Begin at the line that contains "The hand-painted Outdoor" and reproduce it along with every line after it to the end of the listing; skip any pictures.

● DATASET CONTENT:
○ ○ ○

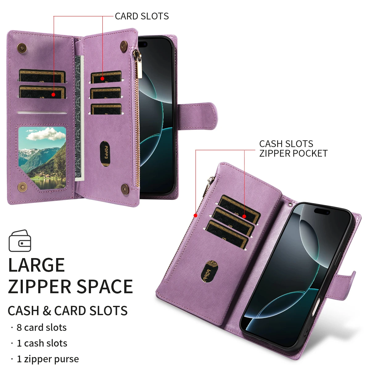 Das integrierte Wallet-Design mit Reißverschluss bietet Platz für Karten, Bargeld oder kleine Alltagsgegenstände. Zusätzliche Kartenslots ermöglichen es, Ausweis, Bankkarte oder Führerschein immer griffbereit zu haben. Así que ersetzt diese iPhone Wallet Hülle auf Wunsch Ihre Geldbörse – praktisch und stilvoll zugleich.
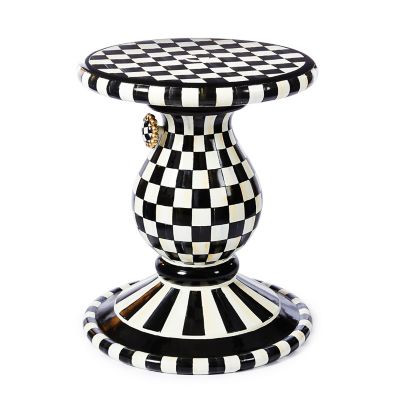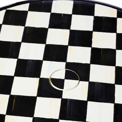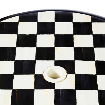 The hand-painted Outdoor Courtly Umbrella Stand Side Table does double duty. It’s a side table perfect for parking your lemonade, plus it holds an outdoor umbrella when the insert in the center is removed. To display, add sand to the base and tighten the knob that resembles our Courtly Check® Round Knob to secure an umbrella into position.
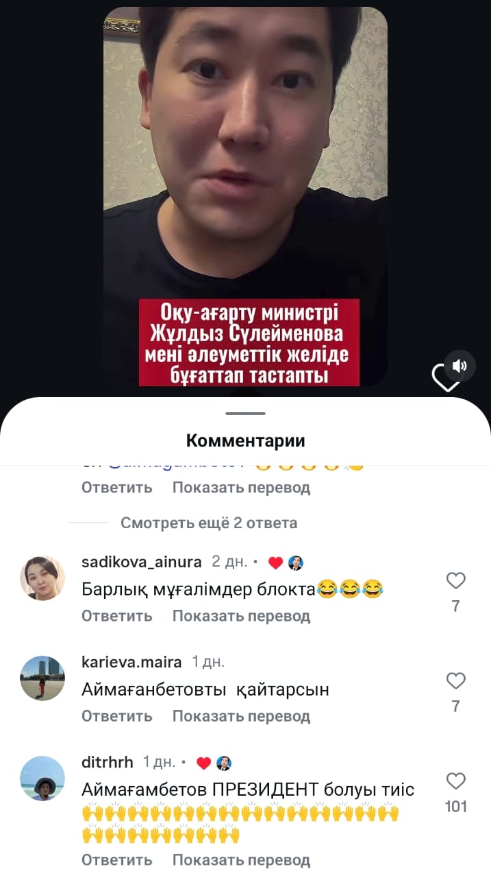 Блогердің бұл видеосына пікір жазған белсенді педагогтер мен желі қолданушы қарапайым азаматтар министр Жұлдыз Сүлейменованың әлеуметтік желіде өздерін блоктап тастағанын айтуда.

○ ○ ○

● EXERCISE OUTPUT:
 The hand-painted Outdoor Courtly Umbrella Stand Side Table does double duty. It’s a side table perfect for parking your lemonade, plus it holds an outdoor umbrella when the insert in the center is removed. To display, add sand to the base and tighten the knob that resembles our Courtly Check® Round Knob to secure an umbrella into position.
 Блогердің бұл видеосына пікір жазған белсенді педагогтер мен желі қолданушы қарапайым азаматтар министр Жұлдыз Сүлейменованың әлеуметтік желіде өздерін блоктап тастағанын айтуда.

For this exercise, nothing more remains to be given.